**DATA TO USE**
# # # # # # #
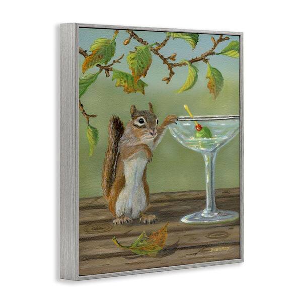 Happy Hour Chipmunk by Terry Doughty Gray Framed Food Giclee Art Print 30 in. x 24 in.
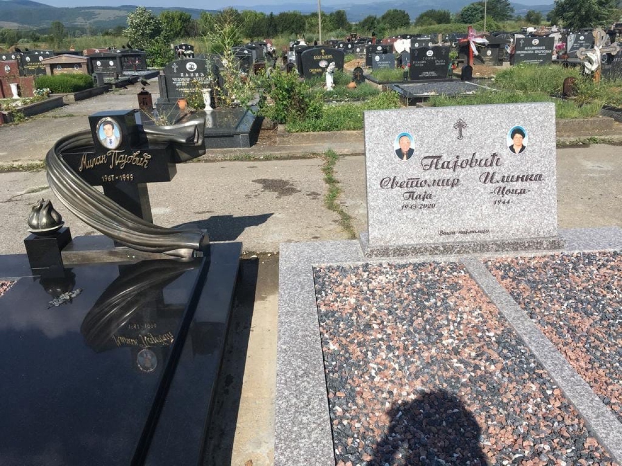 Tuga nas je sačekala i na Novom pazarskom groblju. Velika ljubav, poštovanje porodice Pajović. Draganin otac i brat su ovde sahranjeni. Pajina supruga i sestra u bolu, ali i velikom ljubavlju, natapajući suzama, osmislile su spomenik.
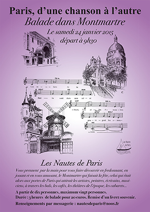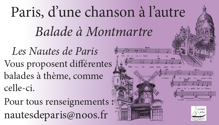 Les Nautes de Paris, vont vous prendre par la main pour vous faire découvrir en fredonnant, en jouant, en vous amusant, le Montmartre qui faisait la fête, celui qui était alors aux portes de Paris qui attirait les artistes, peintres, écrivains ; musiciens, à travers, les bals, les cafés, les théâtres de l’époque, les cabarets…
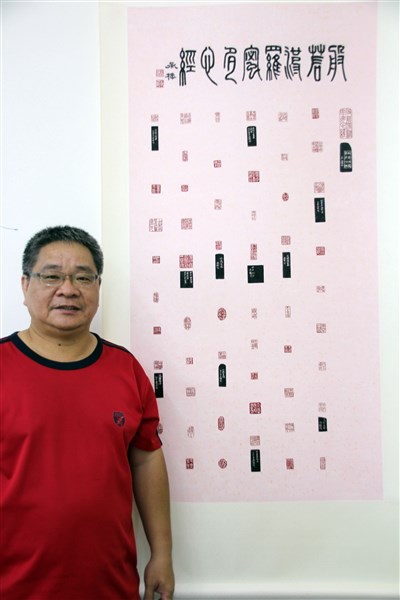 退休教師蔡承樺學篆刻,原本希望在5年內篆刻一部《心經》,沒想到1年就完成,今起在嘉義市地藏庵展出。圖/中央社
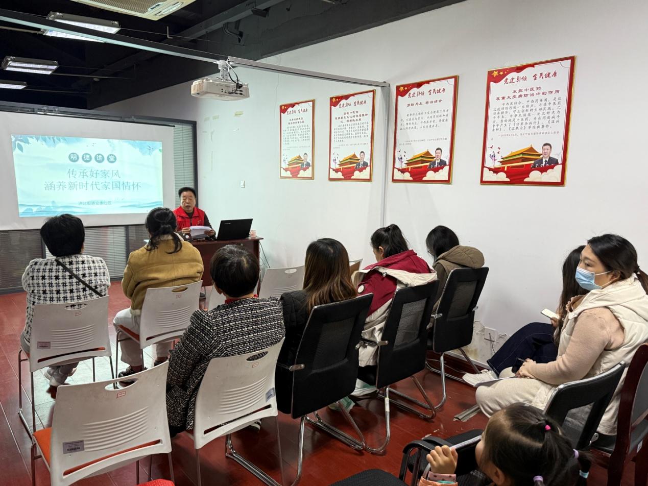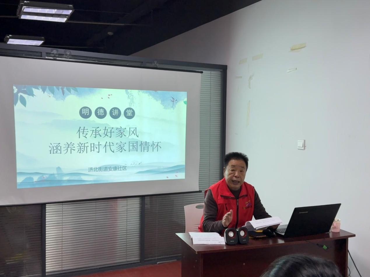 11月5日下午4时,山东省济南市济阳区安康社区会议室里温暖如春,一场以“传承好家风,涵养新时代家国情怀”为主题的特殊宣讲正在进行。主讲人是社区“银龄先锋”宣讲队队长冉庆亮,台下坐着的有社区干部、学生家长,还有闻讯赶来的普通居民。
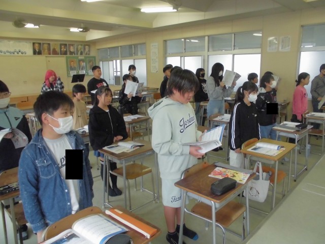 本日の音楽の時間は、「われは海の子」のテストを行いました。これまで練習してきた成果を発揮しようと、どの子も一生懸命に歌っていました。英語の時間は、ユニット5の学習を進めました。新しい表現や会話文に挑戦しながら、友達とペアになって楽しく練習する姿が見られました。体育の時間は、ハードル走の学習を行いました。リズムよくハードルを越えるために、タイミングやフォームを意識して取り組みました。
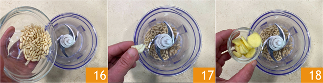 In a blender, place the pine nuts 16, a clove of garlic 17, and the ginger 18.
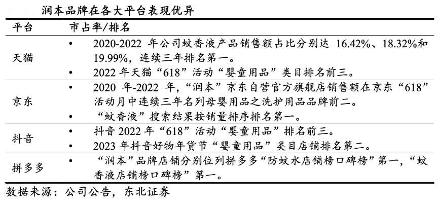 經(jīng)典案例:根據(jù)公司官網(wǎng)、東北證券等綜合資訊表明,潤本股份公司目前旗下僅有“潤本”品牌,“潤”寓意 潤澤和呵護(hù),“本”寓意本源和人生本初,品牌在嬰童護(hù)理和精油產(chǎn)品系列均強(qiáng)調(diào)天然草本植物提取液,塑造安全、溫和以及天然的品牌形象,深度貼合消費(fèi)者對嬰童用品和個(gè)護(hù)產(chǎn)品的訴求。
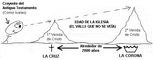 Deberíamos notar que en esta presente era de la iglesia (que ha durado como 2000 años) no fue revelada en el Antiguo Testamento. El judío del Antiguo Testamento miraba hacia el futuro distante y veía la cima de una montaña que era la venida del Mesías y la gran edad el reino. No se daba cuenta que lo que estaba viendo era en realidad dos cimas de montañas con un valle entremedio:
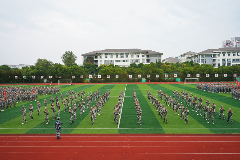 近2500新生列着整齐的队伍,在教官的带领下,以嘹亮的口号、严密的纪律、过硬的素质接受主席台领导和老师的检阅。伴随着雄伟的乐曲,5个营39个军训方队依次经过主席台前,步伐坚定、队形整齐、气宇轩昂,彰显着属于他们千禧年的青年人的青春与朝气。从2500名大一学生中组织了120人的军训队列方队进行集中展示,同学们的动作整齐划一,得到在场师生的阵阵掌声,受训学生展示了防身格斗术、应急棍术、军体拳、步兵战术演练表演。整齐划一的动作,刚劲有力的踢脚勾拳,娴熟连贯的军体动作,变换万千的花样队列,男生尽显铮铮铁骨,女生尽展英姿飒爽,他们的精彩表演深深感染了在场的每一个人。
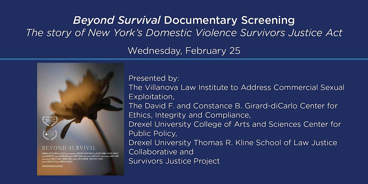 The David F. and Constance B. Girard-diCarlo Center for Ethics, Integrity and Compliance, The Villanova Law Institute to Address Commercial Sexual Exploitation, The Drexel University's Thomas R. Kline School of Law Justice Collaborative and Drexel University's College of Arts and Sciences Center Public Policy present "Beyond Survival" Documentary Screening, the story of New York's Domestic Violence Survivors Justice Act.
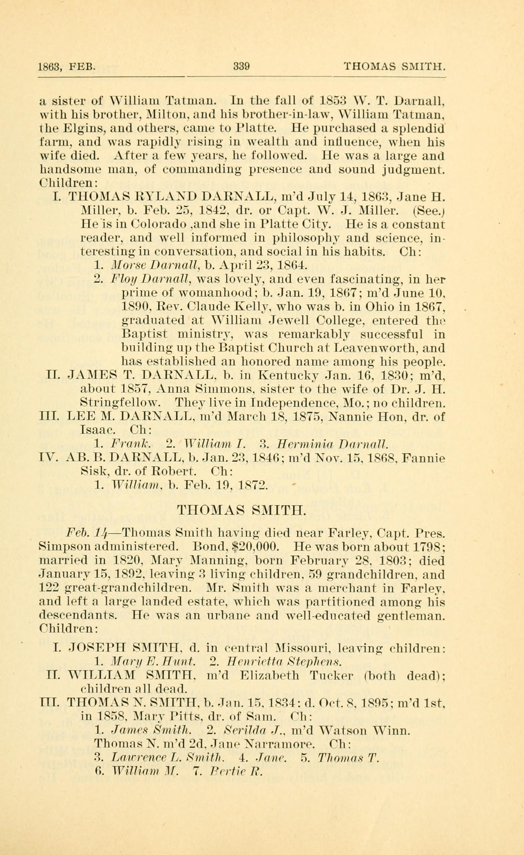 Feb. 11hon1as Smith i1VlIl, died near Farley. Capt. Pres.
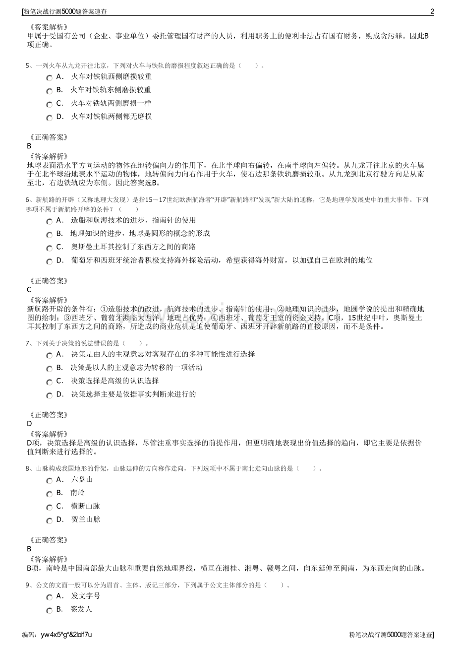 粉笔决战行测5000题答案速查一、第一部分 常识判断 (根据题目要求,在四个选项中选出一个最恰当的答案。)1、红绿色盲是一种常见的遗传性疾病。在生活中,男性患者的人数远远多于女性患者,造成这一差异的主要原因是()。 A 控制红绿色盲的基因位于X染色体上,如果一条X染色体上携带致病基因,而另一条染色体的相应位置上携带正常的基因,个体并不会发病。而Y染色体上没有相应基因。 B 控制红绿色盲的基因位于Y染色体上,随Y染色体进行传递 C 控制红绿色盲的基因位于X染色体上,由于男性缺乏一种女性独有的激素,在发育过程中容易受到多种诱因的影响而发病 D 男女两性的实际患病率是相同的,只是由于两性在日常生活中偏重的领域有所不同,男性患者容易被辨认而女性患者不容易被辨认。正确答案A答案解析控制性别的染色体中XX结合是女性,XY结合是男性,控制红绿色盲的基因是隐性,女性必须两条X染色体都携带致病基因才会是红绿色盲,而男性只有一条X染色体,只要携带致病基因,就是红绿色盲,即男性患者比女性患者多。因此A项正确。2、关于太阳大气层的叙述,正确的是()。 A 色球层厚度最厚 B 可见光来源于太阳大气层的最外层 C 我们平时用肉眼观察到的太阳表层是光球层 D 黑子出现在色球层,耀斑出现在光球层上正确答案C答案解析A项错误,厚度最厚的应是日冕层。B项错误,可见光来源于太阳大气层的最内层,即光球层。D项错误,黑子出现在光球层,耀斑出现在色球层上。3、根据我国宪法规定,下列可以提出修改宪法有效议案的主体是()。 A 全国人民代表大会常务委员会 B 全国人民代表大会的一个代表团 C 1/10以上的全国人民代表大会代表 D 全国人民代表大会主席团正确答案A答案解析中华人民共和国宪法第六十四条规定,宪法的修改,由全国人民代表大会常务委员会或者五分之一以上的全国人民代表大会代表提议,并由全国人民代表大会以全体代表的三分之二以上的多数通过。因此答案选A。4、某国有单位会计甲到银行提取本单位工资,由于银行出纳疏忽大意,多支付给甲3000元,甲回单位后发现多余款额,遂据为己有,甲的行为构成()。 A 诈骗罪 B 贪污罪 C 盗窃罪 D 不构成犯罪正确答案B粉笔决战行测5000题答案速查1编码:yw4x5g*&2loif7u粉笔决战行测5000题答案速查答案解析甲属于受国有公司(企业、事业单位)委托管理国有财产的人员,利用职务上的便利非法占有国有财务,购成贪污罪。因此B项正确。5、一列火车从九龙开往北京,下列对火车与铁轨的磨损程度叙述正确的是()。 A 火车对铁轨西侧磨损较重 B 火车对铁轨东侧磨损较重 C 火车对铁轨两侧磨损一样 D 火车对铁轨两侧都无磨损正确答案B答案解析地球表面沿水平方向运动的物体在地转偏向力的作用下,在北半球向右偏转,在南半球向左偏转。从九龙开往北京的火车属于在北半球沿地表水平运动的物体,地转偏向力向右作用于火车,使右边那条铁轨磨损较重。从九龙到北京行驶方向是从南至北,右边铁轨应为东侧。因此答案选B。6、新航路的开辟(又称地理大发现)是指1517世纪欧洲航海者“开辟”新航路和“发现”新大陆的通称,它是地理学发展史中的重大事件。下列哪项不属于新航路开辟的条件?() A 造船和航海技术的进步、指南针的使用 B 地理知识的进步,地球是圆形的概念的形成 C 奥斯曼土耳其控制了东西方之间的商路 D 葡萄牙和西班牙统治者积极支持海外探险活动,希望获得海外财富,以加强自己在欧洲的地位正确答案C答案解析新航路开辟的条件有:造船技术的改进,航海技术的进步、指南针的使用;地理知识的进步,地圆学说的提出和精确地图的绘制;西班牙、葡萄牙濒临大西洋,地理占优势;西班牙、葡萄牙王室的资金支持。C项,15世纪中叶,奥斯曼土耳其控制了东西方之间的商路,所造成的商业危机是迫使葡萄牙、西班牙开辟新航路的直接原因,而不是条件。7、下列关于决策的说法错误的是()。 A 决策是由人的主观意志对客观存在的多种可能性进行选择 B 决策是以人的主观意志为转移的一项活动 C 决策选择是高级的认识选择 D 决策选择主要是依据事实判断来进行的正确答案D答案解析D项,决策选择是高级的认识选择,尽管注重事实选择的前提作用,但更明确地表现出价值选择的趋向,即它主要是依据价值判断来进行选择的。8、山脉构成我国地形的骨架,山脉延伸的方向称作走向,下列选项中不属于南北走向山脉的是()。 A 六盘山 B 南岭 C 横断山脉 D 贺兰山脉正确答案B答案解析B项,南岭是中国南部最大山脉和重要自然地理界线,横亘在湘桂、湘粤、赣粤之间,向东延伸至闽南,为东西走向的山脉。9、公文的文面一般可以分为眉首、主体、版记三部分,下列属于公文主体部分的是()。 A 发文字号 B 签发人粉笔决战行测5000题答案速查2编码:yw4x5g*&2loif7u粉笔决战行测5000题答案速查 C 抄送机关 D 附注正确答案D答案解析D项正确,党政机关公文处理工作条例第九条规定,公文一般由份号、密级和保密期限、紧急程度、发文机关标志、发文字号、签发人、标题、主送机关、正文、附件说明、发文机关署名、成文日期、印章、附注、附件、抄送机关、印发机关和印发日期、页码等组成。故附注属于公文的主体部分。10、下列有关生活常识的说法,错误的一项是()。 A 含氮、磷化合物的生活污水大量
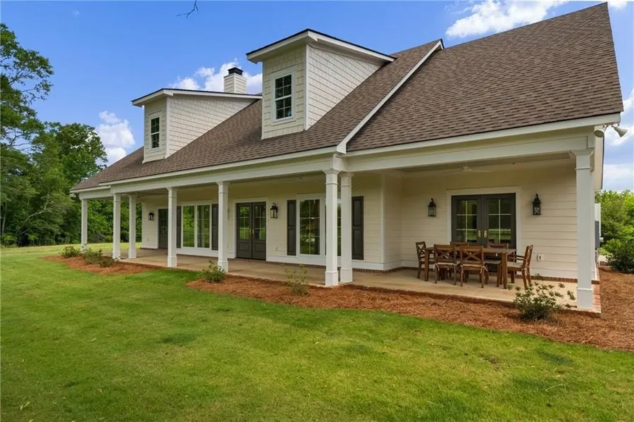 Welcome to this stunning custom-built home offering the perfect blend of luxury living and country charm. Situated on over 50 acres of pasture and mixed hardwoods. Paddocks are enclosed with 4-board fencing and include multiple run-in sheds-ideal for horse lovers and those seeking wide open spaces. Inside, you'll find 3 spacious bedrooms, 3 full bathrooms, and a half bath, all thoughtfully designed with high-end finishes. The chef's kitchen is a culinary dream, featuring premium appliances, custom cabinetry, and a large island that seamlessly flows into the open family room, perfect for entertaining or relaxing by the fire. The primary suite is a true retreat with fireplace French doors and automatic window shades as well as a spa-like bathroom, including a soaking tub, walk-in shower, and dual vanities. Hardwood floors flow throughout the home, adding warmth and timeless appeal. Enjoy serene mornings and sunset evenings on the expansive wrap-around porch, taking in views of the picturesque landscape and grazing horses. Whether you're an avid equestrian, hobby farmer, or simply looking for a peaceful getaway, this one-of-a-kind property delivers the space, style, and serenity you've been dreaming of. Only minutes to shopping and JR Allen Parkway
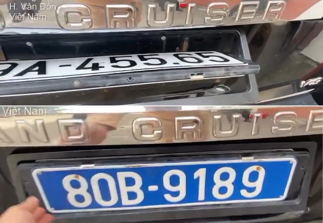 Ông N.Đ.H (Hà Nội) sử dụng xe ô tô Land Cruiser VX mang BKS 29A-455.65, lật mặt sau là biển số xanh 80B-9189.
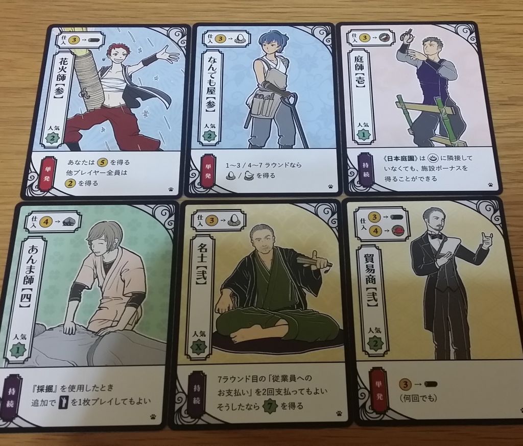 - なんでも屋:ゲームの前半と後半で効果が変わる。
# # # # # # #
**TASK**
Everything from the opening line of the data through the line with "Les Nautes de" should be repeated exactly; leave the pictures out.

**YOUR RESPONSE**
 Happy Hour Chipmunk by Terry Doughty Gray Framed Food Giclee Art Print 30 in. x 24 in.
 Tuga nas je sačekala i na Novom pazarskom groblju. Velika ljubav, poštovanje porodice Pajović. Draganin otac i brat su ovde sahranjeni. Pajina supruga i sestra u bolu, ali i velikom ljubavlju, natapajući suzama, osmislile su spomenik.
 Les Nautes de Paris, vont vous prendre par la main pour vous faire découvrir en fredonnant, en jouant, en vous amusant, le Montmartre qui faisait la fête, celui qui était alors aux portes de Paris qui attirait les artistes, peintres, écrivains ; musiciens, à travers, les bals, les cafés, les théâtres de l’époque, les cabarets…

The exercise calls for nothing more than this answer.